524 F. Supp. 736

Philip BOOTHE, Plaintiff, v. The NEW YORK ASSOCIATION FOR THE BLIND, Defendant.

No. 81 Civ. 4105.

United States District Court, S. D. New York.

Oct. 23, 1981.

Philip Boothe, pro se.

Hale, Grant, Meyerson, O’Brien & McCormick, New York City, (Vincent J. Maroney, New York City, of counsel), for defendant.

SOFAER, District Judge:

The plaintiff, Philip Boothe, is a forty-nine year old black man. His complaint alleges employment discrimination on the basis of age and race in violation of the Age Discrimination in Employment Act (“ADEA”), 29 U.S.C. §§ 621-634, and Title VII of the Civil Rights Act of 1964, the Equal Employment Opportunity Act (“EEOA”), 42 U.S.C. §§ 2000e-2000h-6. The defendant (plaintiff’s former employer) responded to the complaint with a motion to dismiss asserting that plaintiff is barred from seeking relief in federal court because he failed to comply with the timeliness requirements of both the ADEA and the EEOA. 29 U.S.C. § 626(d)(1) and (2); 42 U.S.C. § 2000e-5(e). Plaintiff asserts that he has met the time mandates of those statutes.

Plaintiff was hired as a shipping clerk by the defendant, the New York Association for the Blind, on July 7, 1977, and discharged after resignation on February 28, 1979. According to his complaint, plaintiff was transferred to clerical positions in lieu of preferred positions, which were filled by younger, less qualified employees; he was forced to perform messenger duties, while younger employees were not; and he was harassed by being spoken to in a demeaning manner by his supervisor and two co-workers. Plaintiff alleges that those acts of discrimination forced him to resign. He seeks damages in the amount of five years salary plus punitive damages.

*737A cause of action arising out of a willful violation of the ADEA may be commenced within three years of its accrual. But this limitation is conditioned upon compliance with the notice statute. Reich v. Dow Badishe Co., 575 F.2d 363, 370, (2d Cir.), cert. denied, 439 U.S. 1006, 99 S.Ct. 621, 58 L.Ed.2d 683 (1978); Davis v. RJR Foods, Inc., 420 F.Supp. 930 (S.D.N.Y.1976), aff’d, 556 F.2d 555 (2d Cir. 1977); Hiscott v. General Electric Co., 521 F.2d 632 (6th Cir. 1975). In order for an employee to commence a civil action he must file a notice of intent to sue with the Secretary of Labor within one hundred and eighty days after the alleged unlawful practice occurred; in cases in which state proceedings can be commenced, the employee has three hundred days to notify the Secretary. Goodman v. Heublein, Inc., 645 F.2d 127 (2d Cir. 1981); Ewald v. Great Atlantic & Pac. Tea Co., Inc., 449 U.S. 914, 101 S.Ct. 311, 66 L.Ed.2d 143 (1980), vacating and remanding 620 F.2d 1183 (6th Cir. 1980) (Supreme Court vacated circuit court ruling that required filing of notice with federal or state government within 180 days for reconsideration in light of Mohasco Corp. v. Silver, 447 U.S. 807, 816 n.19, 100 S.Ct. 2486, 2491 a.19, 65 L.Ed.2d 532 (1980)). Title VII of the EEOA similarly provides that in order for an employee to commence a civil action he must file a charge with the Equal Employment Opportunity Commission (“EEOC”) within one hundred eighty days after the alleged unlawful practice occurred; in cases in which state proceedings can be commenced, the employee has three hundred days to file. 42 U.S.C. § 2000e-5(e). Mohasco Corp. v. Silver, supra, 447 U.S. at 816 n.19, 100 S.Ct. at 2491 n.19.

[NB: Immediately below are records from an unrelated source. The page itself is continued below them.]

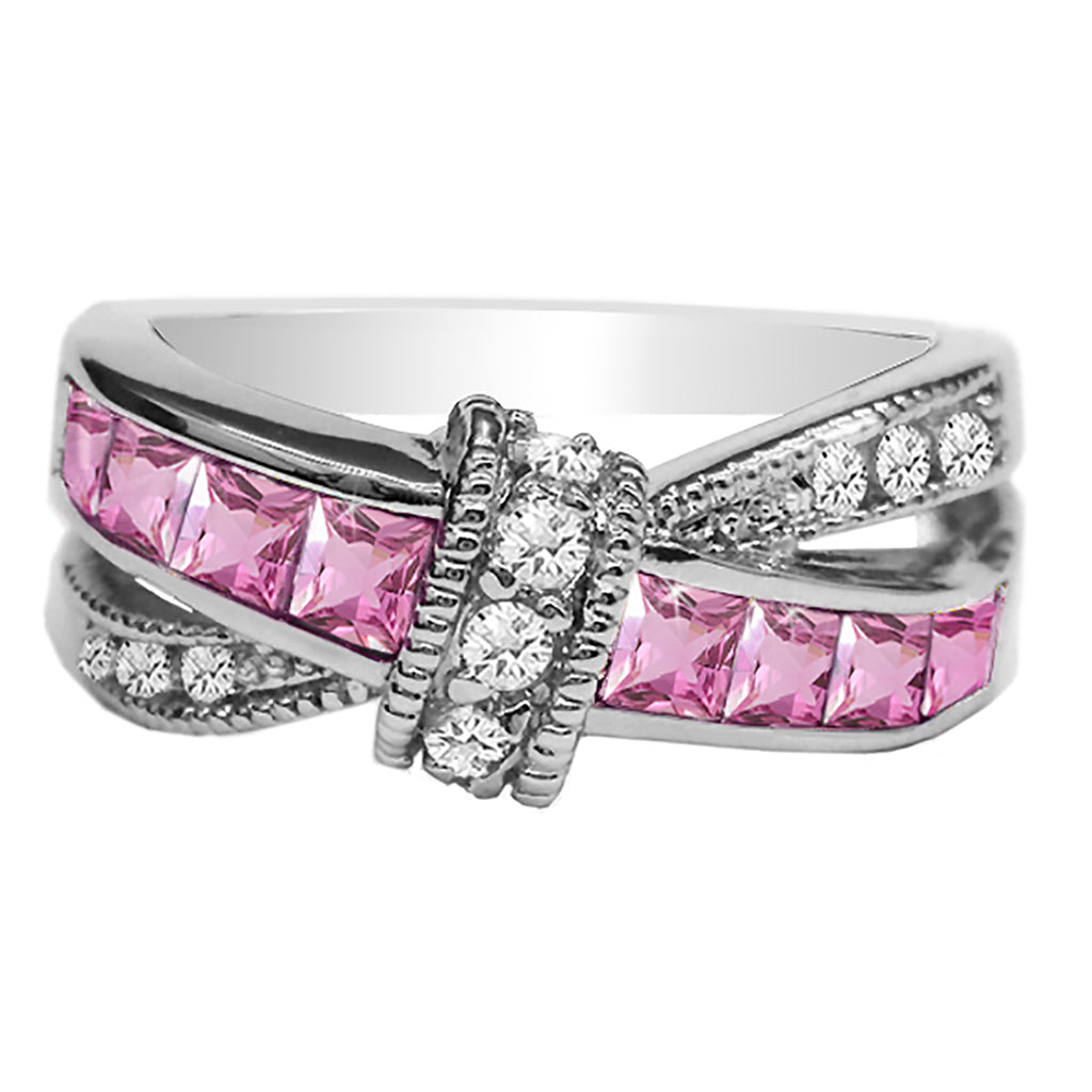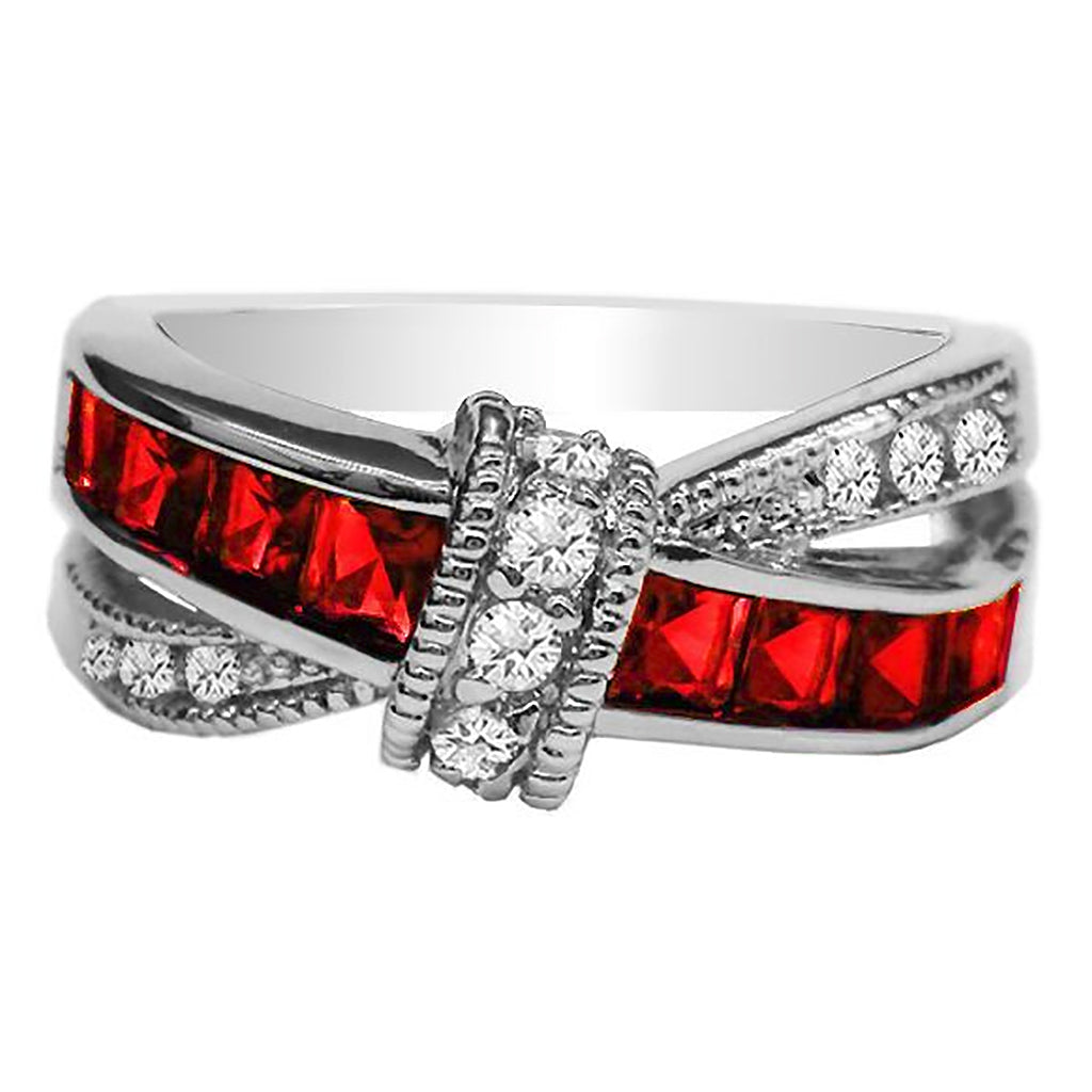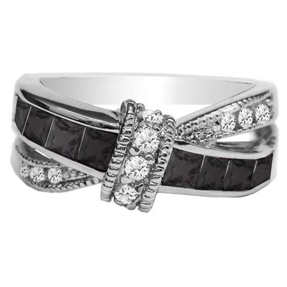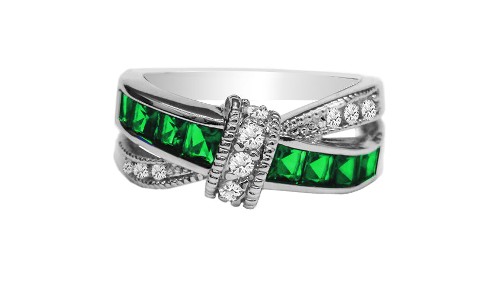 Criss-Cross Ring with Cubic Zirconia in Rhodium Plating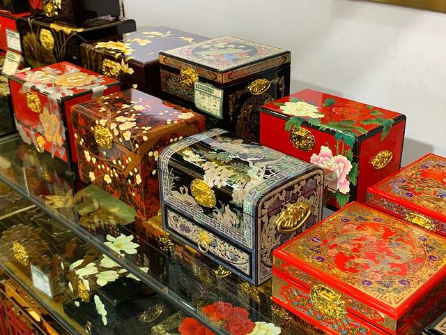平遥的推光漆器是推光漆器的代表,以手掌推光和描金彩绘技艺著称。古城南大街57号的永隆号是平遥最大的推光漆器展厅,店里摆满了玲琅满目的漆器,摆件、首饰、首饰盒都有。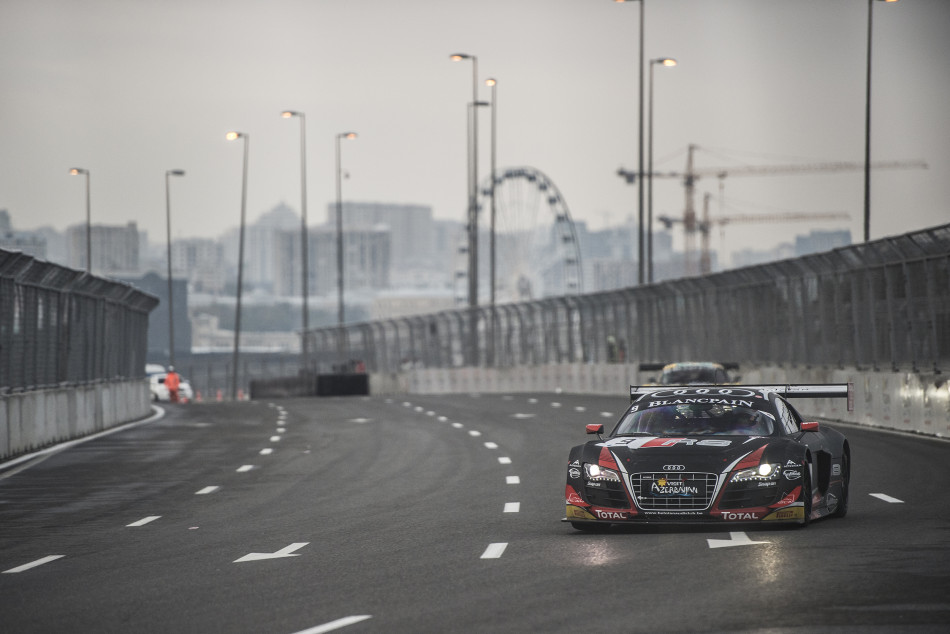 Despite overcast conditions for the final qualifying session of the 2014 Blancpain Sprint Series season, the track remained dry throughout. Nevertheless, a couple of drivers were caught out by the slippery conditions around the Baku street circuit. Vincent Abril (#4 Belgian Audi Club Team WRT Audi), Marc Basseng (#5 Phoenix Racing Audi) and Benjamin Hetherington (#63 Fortec Mercedes) all hit the concrete walls very hard, fortunately without any bodily harm. For Marc Basseng, who set the quickest time in the Pro-Am Trophy before making contact with the wall, the event might well be over, as the damage to his car could well be terminal.

Plaintiff filed his initial complaint with the Secretary of Labor on January 24,1980, three hundred and thirty days after the alleged violation occurred. The complaint was sufficient to constitute notification, since defendant has not contended otherwise. Furthermore, although some courts have held that merely furnishing information to the Secretary or requesting that a federal agency commence proceedings does not constitute sufficient notice of intent to sue, Hiscott v. General Electric Co., supra, 521 F.2d at 634; Powell v. Southwestern Bell Telephone Co., 494 F.2d 485, 489 (5th Cir. 1974), other courts — including courts in this circuit — have recognized that persons making ADEA (or EEOA) complaints typically are not lawyers and therefore should not be subject to strict rules of pleading, Love v. Pullman Co., 404 U.S. 522, 526-27, 92 S.Ct. 616, 618-19, 30 L.Ed.2d 679 (1972); Egelston v. State Univ. College at Genesco, 535 F.2d 752, 754 (2d Cir. 1976); Cowlishaw v. Armstrong Rubber Co., 425 F.Supp. 802, 807 (E.D.N.Y.1977); Pandis v. Sikorsky Aircraft Division of United Technologies Corp., 431 F.Supp. 793, 799 (D.Conn.1977); Franci v. Avco Corp., 460 F.Supp. 389, 395 (D.Conn. 1978).

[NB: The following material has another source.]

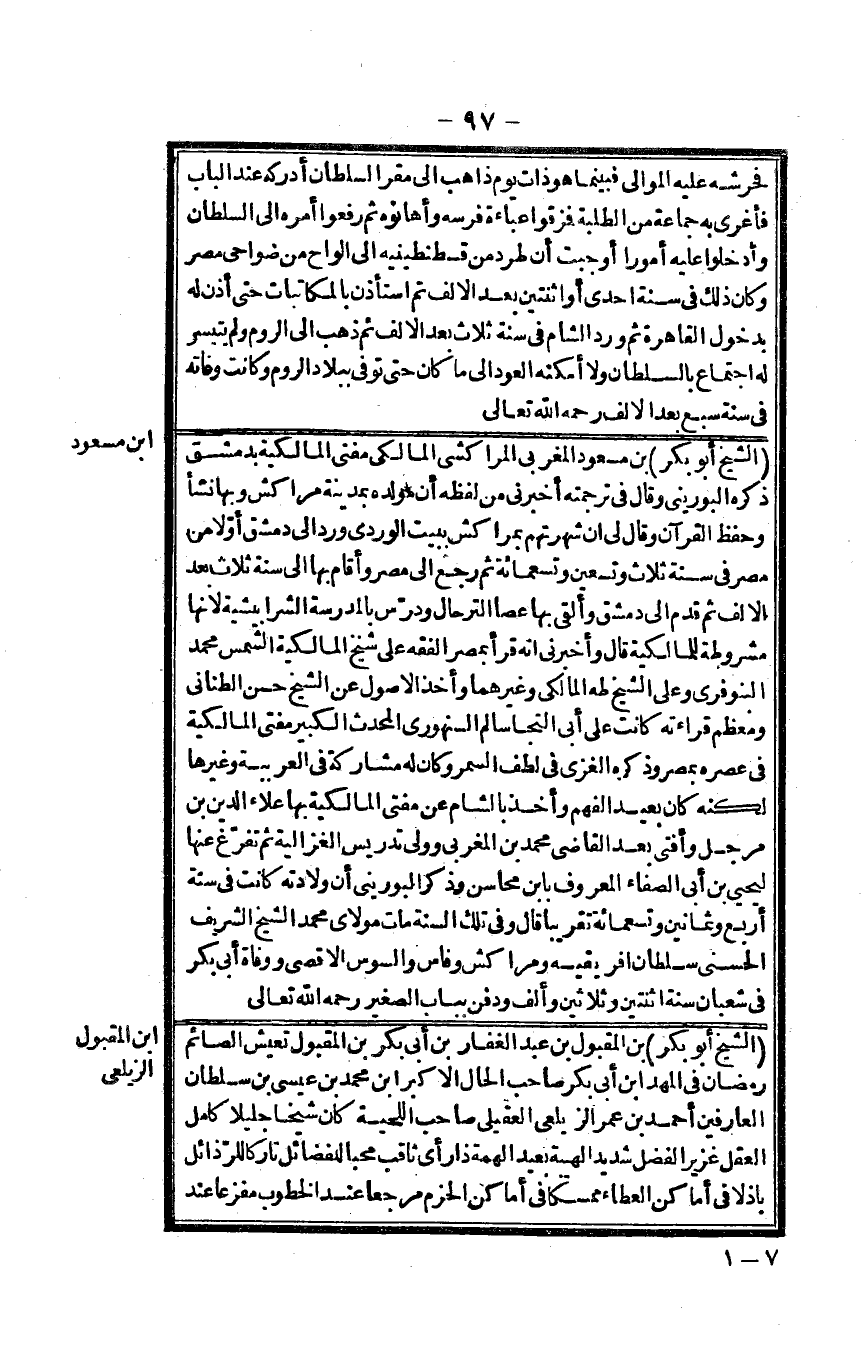 الشَّيْخ أَبُو بكر بن مَسْعُود المغربي المراكشي الْمَالِكِي مفتي الْمَالِكِيَّة بِدِمَشْق ذكره البوريني وَقَالَ فِي تَرْجَمته أَخْبرنِي من لَفظه أَن مولده بِمَدِينَة مراكش وَبهَا نَشأ وَحفظ الْقُرْآن وَقَالَ لي أَن شهرتهم بمراكش بِبَيْت الوردي ورد إِلَى دمشق أَولا من مصر فِي سنة ثَلَاث وَتِسْعين وَتِسْعمِائَة ثمَّ رَجَعَ إِلَى مصر وَأقَام بهَا إِلَى سنة ثَلَاث بعد الْألف ثمَّ قدم إِلَى دمشق وَألقى بهَا عَصا الترحال ودرس بِالْمَدْرَسَةِ الشرابيشية لِأَنَّهَا مَشْرُوطَة للمالكية قَالَ وَأَخْبرنِي أَنه قَرَأَ بِمصْر الْفِقْه على شيخ الْمَالِكِيَّة الشَّمْس مُحَمَّد البنوفري وعَلى الشَّيْخ طه الْمَالِكِي وَغَيرهمَا وَأخذ الْأُصُول عَن الشَّيْخ حسن الطناني ومعظم قِرَاءَته كَانَت على أبي النجا سَالم السنهوري الْمُحدث الْكَبِير مفتي الْمَالِكِيَّة فِي عصره بِمصْر وَذكره الْغَزِّي فِي لطف السمر وَكَانَ لَهُ مُشَاركَة فِي الْعَرَبيَّة وَغَيرهَا لكنه كَانَ بعيد الْفَهم وَأخذ بِالشَّام عَن مفتي الْمَالِكِيَّة بهَا عَلَاء الدّين بن مرجل وَأفْتى بعد القَاضِي مُحَمَّد بن المغربي وَولي تدريس الغزالية ثمَّ تفرغ عَنْهَا ليحيى بن أبي الصفاء الْمَعْرُوف بِابْن محَاسِن وَذكر البوريني أَن وِلَادَته كَانَ فِي سنة أَربع وَثَمَانِينَ وَتِسْعمِائَة تَقْرِيبًا قَالَ وَفِي تِلْكَ السّنة مَاتَ مولَايَ مُحَمَّد الشَّيْخ الشريف الحسني سُلْطَان إفريقية ومراكش وفاس والسوس والأقصى ووفاة أبي بكر فِي شعْبَان سنة اثْنَتَيْنِ وَثَلَاثِينَ وَألف وَدفن بِبَاب الصَّغِير رَحمَه الله تَعَالَى

On April 18, 1980, four hundred and five days after the alleged violation, plaintiff filed a complaint with the Commission of Human Rights of the City of New York. He subsequently notified the New York District Office of the EEOC on May 14, 1980, four hundred and forty-one days after the purported discrimination. Pursuant to plaintiff’s complaint, the Commission of Human Rights of the City of New York conducted an investigation and issued a report dated April 30, 1981. On June 26, 1981, plaintiff received a notice of “right to sue” from the EEOC. This suit was commenced on July 2, 1981.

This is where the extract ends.